__TASK TO CARRY OUT__:
Write the data out again exactly, with no pictures.

#### AVAILABLE RECORDS

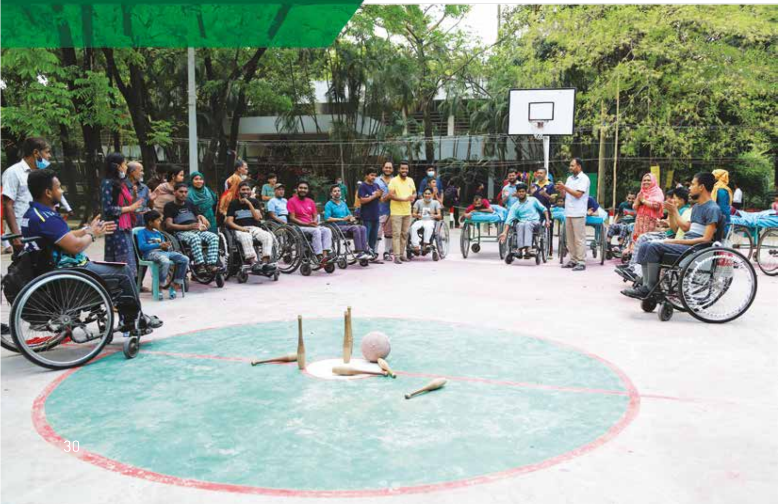
In-patients playing skittles as part of their sports rehabilitation
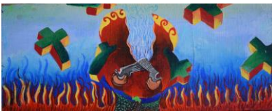
Blown Away Horizontally

2024, 56" x 64", mixed media on canvas roll $1,000.00
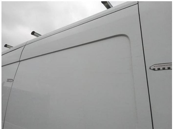
10: Qtr Panel nsr Scratched Over 25mm Thru Paint
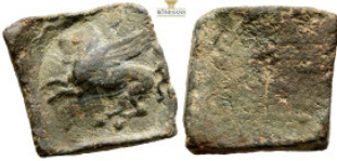
541 ASIA MINOR. Uncertain Lead Tessera, 12,91g 24,1mm Obv: Pegasos flying left Rev: Blank

########

__ANSWER BELOW__:
In-patients playing skittles as part of their sports rehabilitation
Blown Away Horizontally

2024, 56" x 64", mixed media on canvas roll $1,000.00
10: Qtr Panel nsr Scratched Over 25mm Thru Paint
541 ASIA MINOR. Uncertain Lead Tessera, 12,91g 24,1mm Obv: Pegasos flying left Rev: Blank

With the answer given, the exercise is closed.